Шрифт:
Интервал:
Закладка:
Таня после однозначно очень смелого заявления Артема инстинктивно вжалась в плечи в ожидании результатов мозговой активности и присутствия здравого смысла в глазах следователя. Они не заставили себя долго ждать.
Он поднялся и вышел из кабинета, попросив присутствующих подождать несколько минут, потом вернулся с еще двумя коллегами и в течение следующего часа в комнате в конце концов зародился дух настоящего расследования. Все, по его словам, завертелось благодаря появлению на фоне нового имени — первого подозреваемого, которого можно было бы реально связать с жертвой, которая, по теперь уже общим соображениям, нашла способ выйти на связь со своей подругой через телефон третьего лица.
− Вытащите меня отсюда, − Довлатов, перечитывая сообщение, раз за разом монотонно повторял себе под нос его текст. − Здесь творится такая чертовщина, даже описать не могу. Я бы спросил, почему вы, собственно, решили, что это именно она и что находится она на территории лечебницы, если бы не все ваши вчерашние сведения. Но, поймите, я не уверен, что судья даст мне ордер на обыск всей лечебницы только на основании этого сообщения от неизвестного типа.
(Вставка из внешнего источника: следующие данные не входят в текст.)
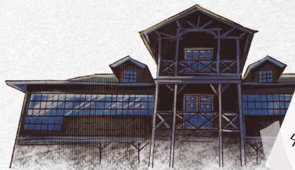
CASONA DE CAMPO

Te invitamos a nombrar tres especies que son propias de la zona del Llanquihue y que viste durante tu recorrido por el parque.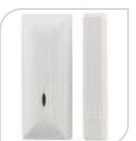
SE- MD-210R € 30,00

Dimensione del prodotto: Ø108*42.5(H)mm. Peso netto 159g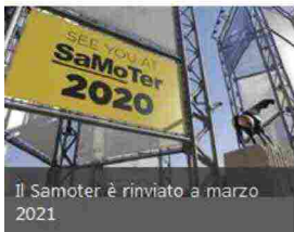
Il Samoter è rinviato a marzo 2021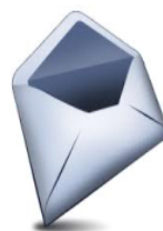
BUSTA PICCOLA DI COLORE BIANCO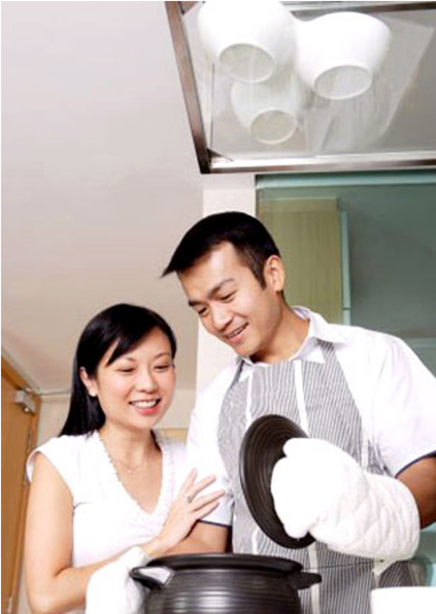
Hình ảnh bài Vợ tôi - cô ấy là người đẹp nhất trên mục Tình yêu - Hôn nhân , trang afamily.vn , ra ngày 18/10/2008

show “ Mỗi tuần một chuyện - Đối thoại với Lê Hoàng ” rằng để thay đổi tình trạng này cần phải có sự tham gia của cả đàn ông, phụ nữ?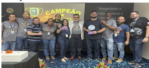
O time da GETIN foi o grande Campeão da Copa Cigás em Compliance

Em disputa emocionante contra a Gerência Jurídica – GEJUR, a Gerência de Tecnologia da Informação - GETIN venceu a primeira edição da Copa Cigás em Compliance!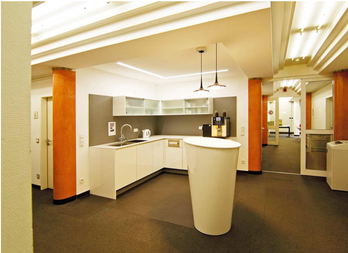
Anordnung im Kreuzungspunkt zweier Flure.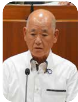
長谷場 洋一郎 議員

Только Артем зарделся что-то возразить или добавить, как следователь поднял палец в верх, якобы что-то вспомнил и готовился выдать феноменальную мысль, к произношению которой ему нужно основательно подготовиться:
− Мы же можем узнать, кто такой этот Сергей Малиновский?
«Эврика, — удивился Артем, замечая, как тот с неожиданно появившейся некоторой твердостью в голосе задал коллеге вопрос, будто бы никогда раньше за всю карьеру подобного направления мыслей не допускал в своей голове, − оно начало думать!»
Для самого же Артема эта мысль была не новинкой. Он уже давно думал о способах найти информацию об отправителе, перебирая в голове возможные варианты задействованных для этого дела лиц, не особо рассчитывая на помощь полиции.
Сержант, получивший невербальный знак бровью и кивком головы от второго следователя, тотчас вышел из кабинета, чтобы поручить айтишникам задачу по поиску личности.
Ближе к обеду система отобрала двоих мужчин в Канорске и одного в Вирнаково с совпадающим именем, а далее по фотографии никакого труда не составило определить, который именно из всех этих людей интересует полицию. Также они выяснили, что этот человек работает в вышеупомянутой психиатрической лечебнице, а потому, связав исчезновение девушки, текст сообщения и имя отправителя, получить ордер на обыск как территории, как и всего здания не составило ни малейшего труда.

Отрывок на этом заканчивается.